Size doesn’t matter so they say, an aphorism clearly true of street art where so much of the best is genuinely small. This Festival report, if a pestle-and-mortar crush of too many photos and a few barely coherent words may be graced with such an extravagant term, began with a hint of height envy. Here are a few of the tallest LMF2024 murals starting with El Seed, the daddy of them all.
The stock in trade surface for the mural festival is the two or three story end gable in a location that wouldn’t be harmed by a lick of fresh paint. The trick then is to match really capable artists with availability in the Festival period to the wall. Or if it’s a street art supernova like Shepard Fairey, “Whenever you can make it mate.”
Other themes that came over big, bright and bold were flowers and portraits, little bits of maritime related painting, can never be too much of that and a few animals, always popular.
While admiring Philths’s gorgeous wallpaper flowers an elderly lady paused and said to me “there’s another beautiful one around the corner, a woman in bright garments”. Cycling far and wide across London photographing parked cars – sorry, LMF2024 murals, this unspoken “Never had tourists round here before” subtext came up quite often.
That “beautiful one around the corner” was this banger from Wedo Goas and the garments were sensational.
Sebas Velasco was a new name for me and his portrait in Lambeth was one of the signature murals of the 2024 event.
Qwynto also charmed with a playful pair of characters phoning each other either side of a gated block in Bloomsbury and as its not obvious, this pair were either side of the same block and not visible one from the other.
Having been to enough festivals and pestered enough artists to qualify as a public nuisance, occasionally mutterings are heard about “Backstreet half a mile from the main drag; only 3 colours and not even a ladder”, so it was impressive to see so many artists sublimate the ego and engage with small spaces away from the critical mass, all in the cause of brightening the parts no other arts reach. One elderly gentleman emerging from his front door opposite a cluster of utility boxes said “They used to be just grey paint, now it’s beautiful, brightens the place and I asked him if he’d do some more”. Sky High did.

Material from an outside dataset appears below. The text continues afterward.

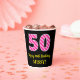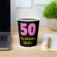 Este alegre diseño de pegatina cuadrado con temática de cumpleaños incluye un gran número "50" con un patrón de franjas rosa claro y rosa oscuro, junto con el mensaje "Feliz cumpleaños número 50", y un nombre personalizado. El fondo es negro de color. Unas tazas de papel alegres como esta pueden ser divertidas de usar en un fiesta en honor al cumpleaños 50 de alguien. [~Z0000580]

Did you know London had a “Little Portugal”? Perhaps the surprising thing is that that should be a surprise.
The best spraypaint technicians are artists with a background in graffiti, which includes quite a number of the Global Street Art house artists. The mural festival recognised graffiti and included some great pieces but they tended to be on hoardings around building sites or other locations where a limited life can be expected.

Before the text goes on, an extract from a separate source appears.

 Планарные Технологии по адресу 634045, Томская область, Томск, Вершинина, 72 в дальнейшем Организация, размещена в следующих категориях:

The festival also incorporated an ill-fated link with the London International Pasteup Festival, the pasteups on the GSA donated wall not lasting even 24 hours before being tagged by the usual graffiti oriented claimants to that spot. A Pref mural inside a clothing retailer stretches the boundaries of what might be plausibly considered a mural in the context of the mural festival.

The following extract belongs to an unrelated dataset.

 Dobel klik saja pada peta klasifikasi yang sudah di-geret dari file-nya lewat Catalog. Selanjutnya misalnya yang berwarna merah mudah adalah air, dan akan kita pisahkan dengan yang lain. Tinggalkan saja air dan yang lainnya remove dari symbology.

London Mural Festival 2024 has liberated London’s street art tradition from its East London epicentre. Murals have sprouted and spread and just about every conceivable post code. 12 Bikes rides, 245km, 1 hefty accident and 15 hours in A&E so that you don’t have to. Surfaces have evolved beyond mere boundary and barrier functions to become part of a brighter, more colourful and art filled metropolis. Walls have been activated in remote locations outside Shoreditch, way beyond in fact, there are even some KT postcodes on the London Mural Festival map – and that’s as broad a definition of London as you’ll ever find or need.